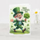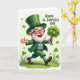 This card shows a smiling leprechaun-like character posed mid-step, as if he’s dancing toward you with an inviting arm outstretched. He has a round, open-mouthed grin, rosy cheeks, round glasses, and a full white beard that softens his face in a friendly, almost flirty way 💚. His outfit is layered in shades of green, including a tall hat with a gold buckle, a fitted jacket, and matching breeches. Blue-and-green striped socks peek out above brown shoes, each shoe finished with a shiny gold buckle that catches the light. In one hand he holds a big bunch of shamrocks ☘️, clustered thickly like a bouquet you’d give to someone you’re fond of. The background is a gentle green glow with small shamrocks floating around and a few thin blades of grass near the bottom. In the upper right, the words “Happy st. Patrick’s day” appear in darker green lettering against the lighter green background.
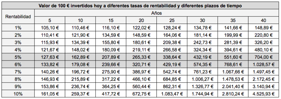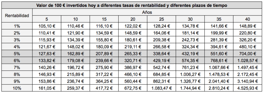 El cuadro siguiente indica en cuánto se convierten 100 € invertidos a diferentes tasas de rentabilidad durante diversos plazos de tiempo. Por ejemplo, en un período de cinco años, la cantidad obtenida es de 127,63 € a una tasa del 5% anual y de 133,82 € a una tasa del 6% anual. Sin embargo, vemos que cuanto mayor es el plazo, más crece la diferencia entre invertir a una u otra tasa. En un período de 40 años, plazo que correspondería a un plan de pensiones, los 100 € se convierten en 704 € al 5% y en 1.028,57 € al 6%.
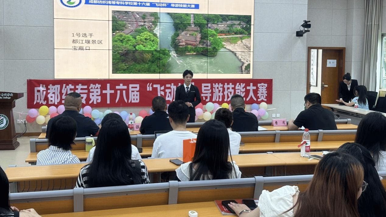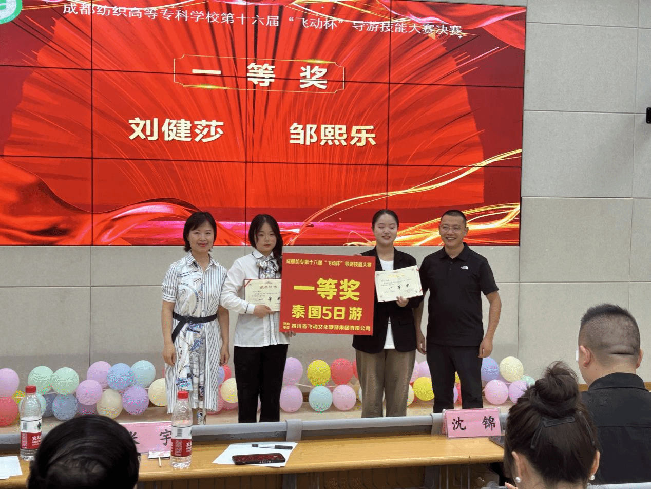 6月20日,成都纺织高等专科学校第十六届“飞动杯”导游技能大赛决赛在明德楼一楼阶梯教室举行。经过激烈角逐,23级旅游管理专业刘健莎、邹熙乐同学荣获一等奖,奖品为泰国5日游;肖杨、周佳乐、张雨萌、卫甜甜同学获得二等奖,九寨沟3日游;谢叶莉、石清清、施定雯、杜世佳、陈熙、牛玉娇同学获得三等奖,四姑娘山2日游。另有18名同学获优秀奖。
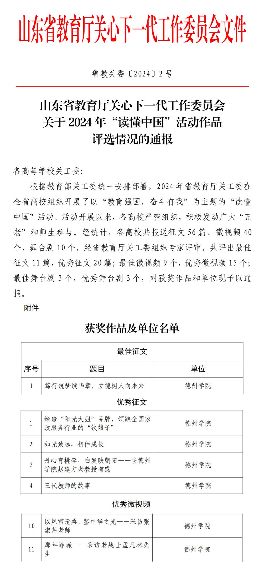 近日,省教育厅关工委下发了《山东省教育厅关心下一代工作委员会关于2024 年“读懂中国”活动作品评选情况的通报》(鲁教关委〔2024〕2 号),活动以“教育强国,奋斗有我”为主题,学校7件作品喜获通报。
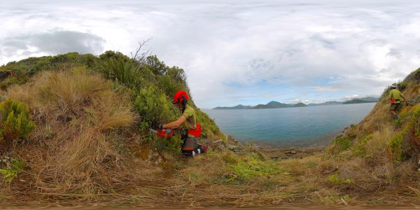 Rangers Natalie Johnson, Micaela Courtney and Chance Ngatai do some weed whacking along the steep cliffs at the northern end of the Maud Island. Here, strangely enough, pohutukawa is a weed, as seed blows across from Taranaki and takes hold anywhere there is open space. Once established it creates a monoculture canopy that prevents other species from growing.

* * *

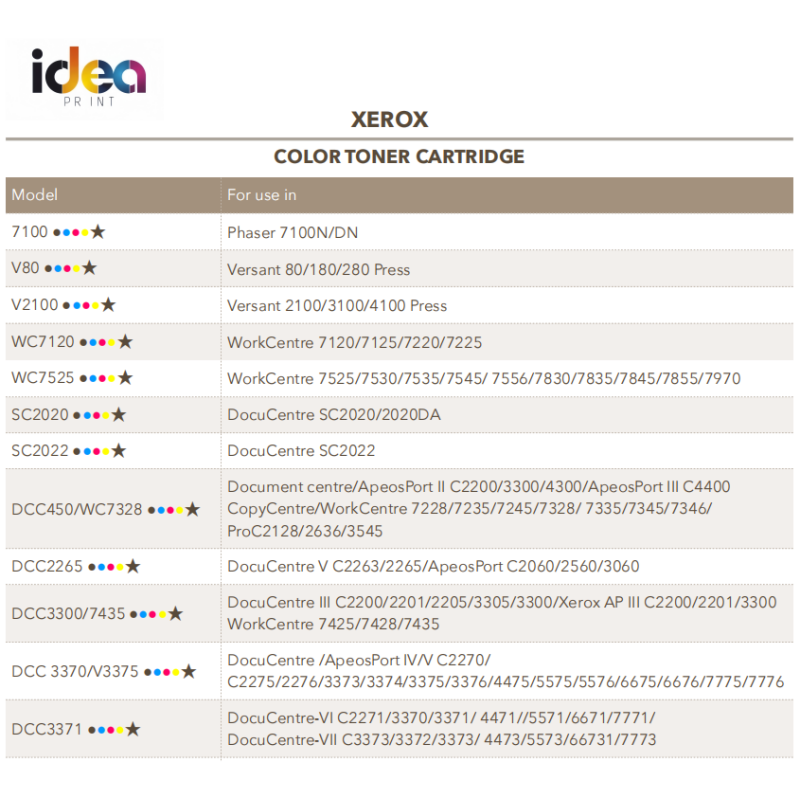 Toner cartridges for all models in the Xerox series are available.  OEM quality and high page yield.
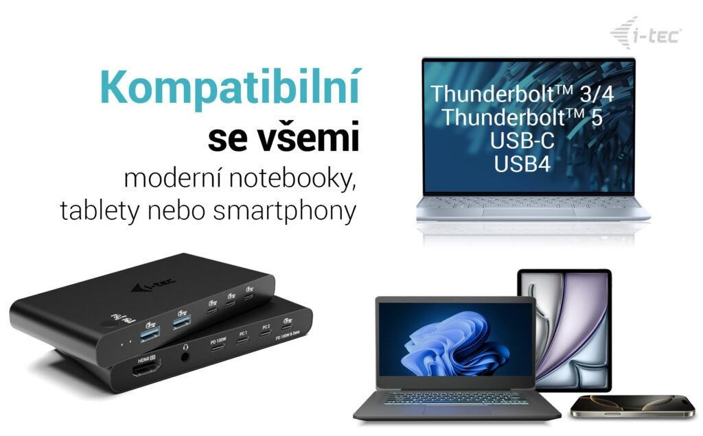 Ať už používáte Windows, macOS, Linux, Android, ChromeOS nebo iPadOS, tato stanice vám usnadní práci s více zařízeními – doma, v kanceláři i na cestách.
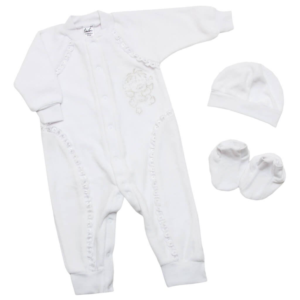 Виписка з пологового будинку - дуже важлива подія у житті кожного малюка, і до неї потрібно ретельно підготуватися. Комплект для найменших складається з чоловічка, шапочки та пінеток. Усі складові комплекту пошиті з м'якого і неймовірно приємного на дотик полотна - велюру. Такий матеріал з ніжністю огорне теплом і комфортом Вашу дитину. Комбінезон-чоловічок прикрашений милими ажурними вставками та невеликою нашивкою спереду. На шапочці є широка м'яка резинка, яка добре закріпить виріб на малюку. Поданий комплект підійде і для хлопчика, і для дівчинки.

◆ **WORK TO BE COMPLETED**: Look through the material above. Transcribe exactly the lines between the ones with "6月20日,成都纺织高等专科" and "Rangers Natalie Johnson, Micaela", inclusive, and keep pictures out.

◆ **OUTPUT BELOW**:
 6月20日,成都纺织高等专科学校第十六届“飞动杯”导游技能大赛决赛在明德楼一楼阶梯教室举行。经过激烈角逐,23级旅游管理专业刘健莎、邹熙乐同学荣获一等奖,奖品为泰国5日游;肖杨、周佳乐、张雨萌、卫甜甜同学获得二等奖,九寨沟3日游;谢叶莉、石清清、施定雯、杜世佳、陈熙、牛玉娇同学获得三等奖,四姑娘山2日游。另有18名同学获优秀奖。
 近日,省教育厅关工委下发了《山东省教育厅关心下一代工作委员会关于2024 年“读懂中国”活动作品评选情况的通报》(鲁教关委〔2024〕2 号),活动以“教育强国,奋斗有我”为主题,学校7件作品喜获通报。
 Rangers Natalie Johnson, Micaela Courtney and Chance Ngatai do some weed whacking along the steep cliffs at the northern end of the Maud Island. Here, strangely enough, pohutukawa is a weed, as seed blows across from Taranaki and takes hold anywhere there is open space. Once established it creates a monoculture canopy that prevents other species from growing.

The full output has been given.